Dataset entries >>
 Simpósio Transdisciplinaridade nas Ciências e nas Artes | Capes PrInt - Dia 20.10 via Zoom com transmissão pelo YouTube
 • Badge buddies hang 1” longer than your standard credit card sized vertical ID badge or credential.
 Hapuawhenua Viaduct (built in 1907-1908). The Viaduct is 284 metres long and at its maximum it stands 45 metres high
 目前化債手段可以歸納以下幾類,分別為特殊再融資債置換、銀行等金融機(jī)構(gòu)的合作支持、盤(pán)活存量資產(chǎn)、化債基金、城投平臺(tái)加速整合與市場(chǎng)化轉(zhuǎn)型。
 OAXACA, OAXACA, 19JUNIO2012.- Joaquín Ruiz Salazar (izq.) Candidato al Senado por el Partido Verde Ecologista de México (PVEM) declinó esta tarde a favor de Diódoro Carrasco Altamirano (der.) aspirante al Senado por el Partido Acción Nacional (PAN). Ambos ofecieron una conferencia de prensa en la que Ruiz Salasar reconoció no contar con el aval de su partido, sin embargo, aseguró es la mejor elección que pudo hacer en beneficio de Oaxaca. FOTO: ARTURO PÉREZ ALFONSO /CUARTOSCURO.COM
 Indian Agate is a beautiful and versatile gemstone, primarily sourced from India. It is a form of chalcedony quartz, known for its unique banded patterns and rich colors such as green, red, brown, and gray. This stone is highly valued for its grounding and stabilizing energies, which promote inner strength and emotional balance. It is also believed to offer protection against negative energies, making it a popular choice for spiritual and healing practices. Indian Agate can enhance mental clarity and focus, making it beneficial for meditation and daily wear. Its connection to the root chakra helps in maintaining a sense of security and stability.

---

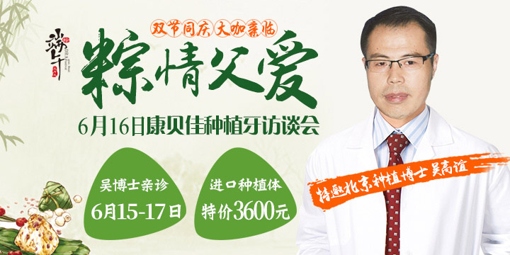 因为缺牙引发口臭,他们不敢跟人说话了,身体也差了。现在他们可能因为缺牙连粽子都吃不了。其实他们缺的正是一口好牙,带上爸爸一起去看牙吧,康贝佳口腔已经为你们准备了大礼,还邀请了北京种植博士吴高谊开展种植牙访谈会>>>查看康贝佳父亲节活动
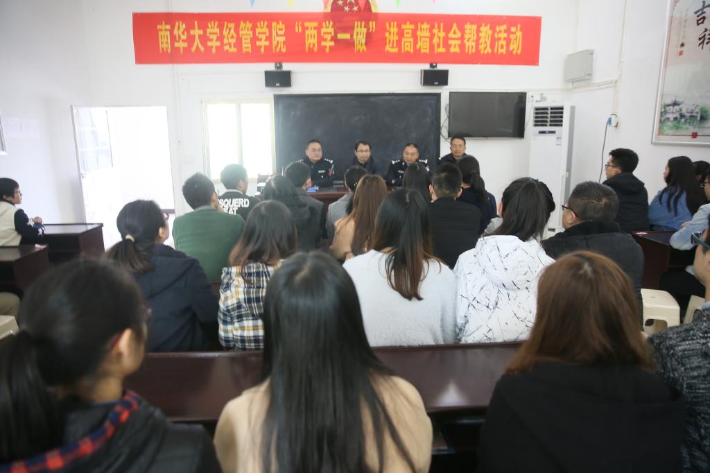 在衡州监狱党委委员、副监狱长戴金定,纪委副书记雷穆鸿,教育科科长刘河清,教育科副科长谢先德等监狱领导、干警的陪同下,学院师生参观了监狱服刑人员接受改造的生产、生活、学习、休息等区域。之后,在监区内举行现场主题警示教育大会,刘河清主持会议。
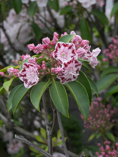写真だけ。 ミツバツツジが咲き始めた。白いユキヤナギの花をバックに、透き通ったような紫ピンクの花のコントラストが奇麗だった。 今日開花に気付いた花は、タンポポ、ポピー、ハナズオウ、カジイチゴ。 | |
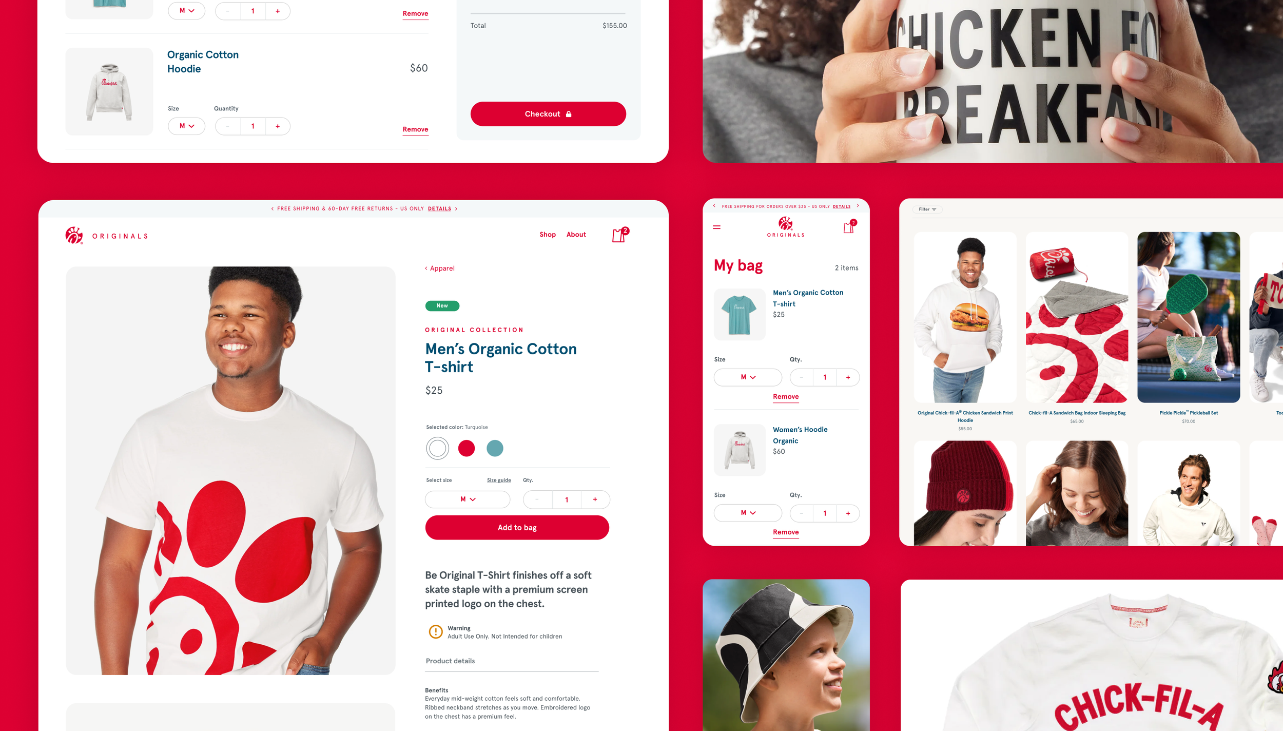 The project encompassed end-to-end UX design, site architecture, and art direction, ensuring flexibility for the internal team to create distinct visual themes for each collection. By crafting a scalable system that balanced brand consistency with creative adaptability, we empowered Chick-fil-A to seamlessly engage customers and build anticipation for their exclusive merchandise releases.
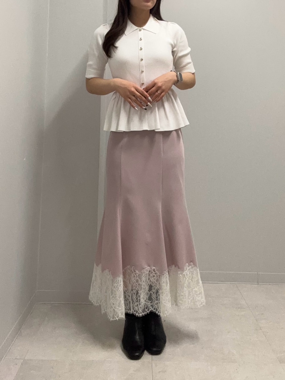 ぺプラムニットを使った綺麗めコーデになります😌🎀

The task >> Line for line, output the entries above from the line with "因为缺牙引发口臭,他们不敢跟" to the line with "ぺプラムニットを使った綺麗めコーデになります😌🎀", both included, and nothing more. Skip pictures.

Result for this task >>
 因为缺牙引发口臭,他们不敢跟人说话了,身体也差了。现在他们可能因为缺牙连粽子都吃不了。其实他们缺的正是一口好牙,带上爸爸一起去看牙吧,康贝佳口腔已经为你们准备了大礼,还邀请了北京种植博士吴高谊开展种植牙访谈会>>>查看康贝佳父亲节活动
 在衡州监狱党委委员、副监狱长戴金定,纪委副书记雷穆鸿,教育科科长刘河清,教育科副科长谢先德等监狱领导、干警的陪同下,学院师生参观了监狱服刑人员接受改造的生产、生活、学习、休息等区域。之后,在监区内举行现场主题警示教育大会,刘河清主持会议。
写真だけ。 ミツバツツジが咲き始めた。白いユキヤナギの花をバックに、透き通ったような紫ピンクの花のコントラストが奇麗だった。 今日開花に気付いた花は、タンポポ、ポピー、ハナズオウ、カジイチゴ。 | |
 The project encompassed end-to-end UX design, site architecture, and art direction, ensuring flexibility for the internal team to create distinct visual themes for each collection. By crafting a scalable system that balanced brand consistency with creative adaptability, we empowered Chick-fil-A to seamlessly engage customers and build anticipation for their exclusive merchandise releases.
 ぺプラムニットを使った綺麗めコーデになります😌🎀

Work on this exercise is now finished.